Hancock reminded everyone that liftoff would commence in roughly half an hour, followed by the first hyperspace jump within a half hour after that. The Ceteroquin being a modern ship, they would feel no discomfort, or much of anything at all, from the harsh travel the ship itself would conduct on their behalf. Everyone retreated to private quarters during liftoff and hyperspace as more a matter of longstanding, diehard spacefarers’ custom and habit than anything practical. 

The Captain, Laura, and Dr. Frietag lingered after the others had gone. 

The doc spoke first. “You got nothin’ to say? ‘Cause if you really got nothin’ to say, I’m gonna go get started drinkin’ in my room.” 

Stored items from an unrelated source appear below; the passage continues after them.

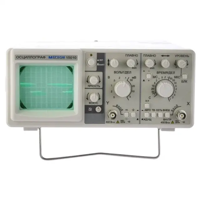 Обладая полосой пропускания 10 МГц, аналоговый осциллограф МЕГЕОН 15010 способен отслеживать сигналы в широком диапазоне напряжений – амплитудой от 10 мВ до 300 В с комплектным делителем, выдерживая суммарное перенапряжение при закрытом входе номиналом 400 В. Входной канал "Y" может работать в режиме с заземлением измерительной линии усилительного тракта либо с открытым состоянием по постоянному току или закрытым по переменному току. Это дает возможность с помощью данного изделия тестировать не только маломощные радиоэлектронные устройства, но и электросиловую аппаратуру. Поддерживается синхронизация не только от внутреннего или внешнего источника, но и от сети питания переменного тока или телевизионного импульса, например, при диагностике аналоговых видеосистем.
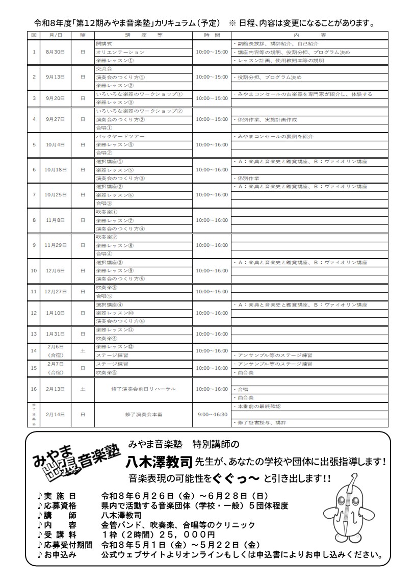 令和8年度 みやま音楽塾(第12期)
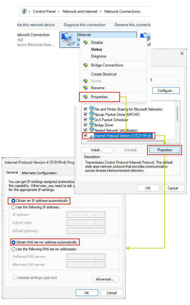 ncpa.cpland hit Enter. - Right-click your network adapter and select Properties.

The other two laughed at the idea of Frietag just now getting started. 

“I don’t like anything about this,” the Captain admitted. “But I need everybody to stay cool. Paranoia will only make everyone act abnormally, and that’s the opposite of what we need. But I’ll tell the two of you – and Ben, I’ll talk to him later – I need you to keep your eyes up and watch everyone’s back.”

“What’s the likelihood that this is a trap?” Laura asked. 

“Statistically, less than fifty percent,” Hancock replied. “In theory, I might raise some objections if I could prove our chances were worse than that.”

“Is there something you can’t prove?” Laura asked.

“A feeling I can’t shake. If I’m being honest, I’m personally sure this is a trap.”

“Well it is Arcturus!” the doctor said gleefully. 

“Yes,” the captain said. “And from what I know about Arcturus, this company we’re supposed to rendezvous with, they’re either vanguard cowboys living on the edge depending on us to get a strictly word-of-mouth message out to the Chiefs above us in the group, or…” He trailed off.

“Or?” Laura asked. 

“Or they’re compromised.”

“And it’s a trap!” the doctor said with the same boozy glee, but behind it lay a certain shade of old sorrow.

“And it’s a trap,” Captain Hancock acknowledged. “We’ll find out soon enough. Our course is set.” He yawned and stretched his arms. He was more tired than he’d even realized. “I need to lay down.” 

“I bet you two are gonna wait until I’m out of sight around a corner and—” 

“That’s enough, Frietag,” the captain growled. 

“For Christ’s sake,” Laura rolled her eyes, making for the hall to her chambers. 

The accusation would have been better received by all parties had it been true, but the ship’s “officers” had very strictly kept their relationship professional, even after all these years. All three of them retired to their respective chambers, alone.